Rituximab is a monoclonal antibody that is used to treat non-Hodgkin’s lymphoma, which includes follicular lymphoma and diffuse large B-cell lymphoma, chronic lymphocytic leukemia and autoimmune diseases such as rheumatoid arthritis. Sandoz is seeking approval for the same indications as the reference product.
"Patients with hematologic or blood cancers and rheumatoid arthritis, as well as their doctors, often have few treatment options and have long relied on rituximab as a vital part of their treatment," said Richard Francis, Division Head and CEO of Sandoz.
"If approved, we believe our biosimilar rituximab will help broaden access to this important therapy and liberate healthcare resources that can be used to fund other innovative medicines."
Sandoz believes that the totality of data in its submission will demonstrate that our biosimilar rituximab has essentially the same biological substance as, and the final drug product is highly similar to, the reference product. In addition to analytical, functional and pre-clinical data, the submission includes data from two pivotal confirmatory safety, PK/PD and efficacy studies that involved 629 follicular lymphoma and 173 rheumatoid arthritis patients.
Sandoz is committed to increasing patient access to high-quality, life-enhancing biosimilars. It is the pioneer and global leader in biosimilars and currently markets three biosimilars.

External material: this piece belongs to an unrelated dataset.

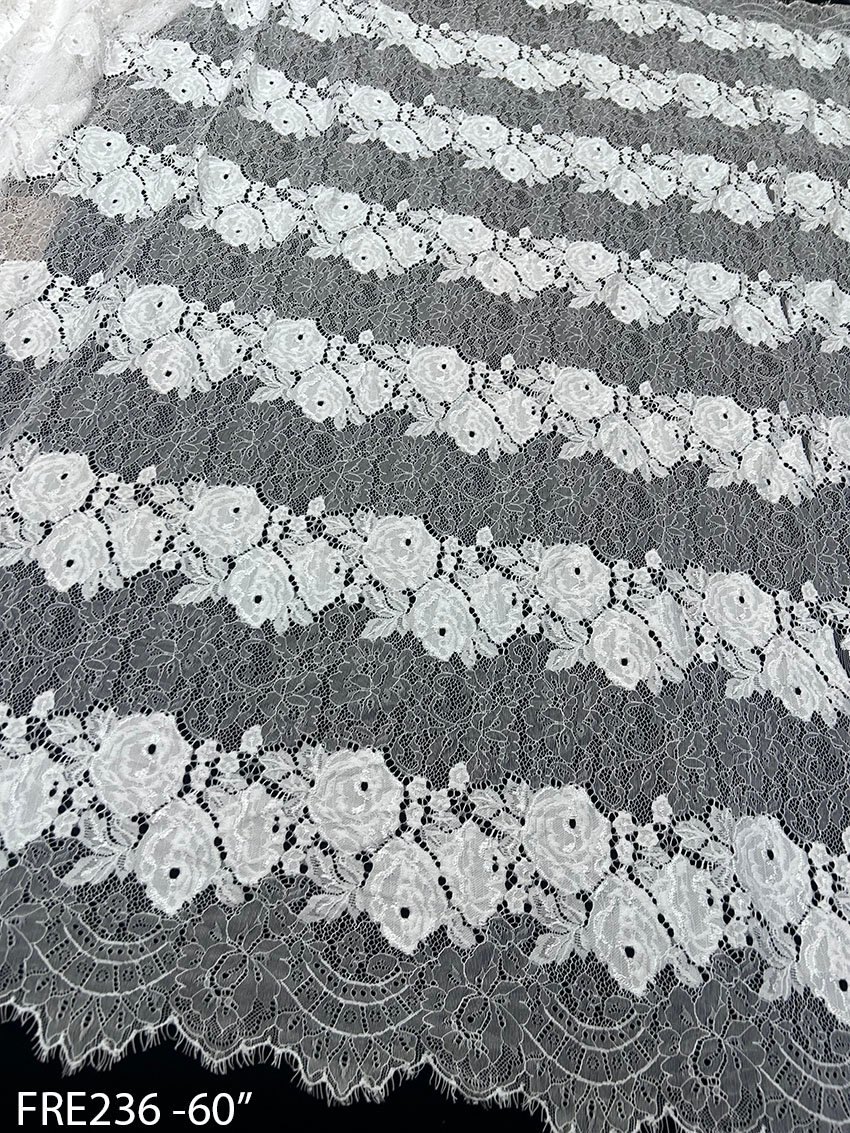 FRE236 Chantilly Eyelash Elegant Lace is designed with versatility in mind. From bridal wear to DIY projects, this fabric empowers creators to bring their visions to life seamlessly. Its generous 60-inch width provides ample fabric for larger designs, while the 3-meter roll ensures you have enough material for detailed craftsmanship without unnecessary waste. The soft texture is easy to work with, making it ideal for both professional designers and hobbyists exploring new creations.

Biosimilar rituximab is part of Sandoz’ growing oncology and immunology portfolios. The oncology portfolio includes two marketed products (filgrastim and epoetin-alfa) and biosimilar candidate pegfilgrastim, which is under regulatory review in the US and EU.
Today’s announcement marks the sixth of 10 regulatory filings that the company plans to submit over a three-year period (2015-2017). As a division of the Novartis Group, Sandoz is well-positioned to lead the biosimilars industry based on its experience and capabilities in development, manufacturing and commercialization.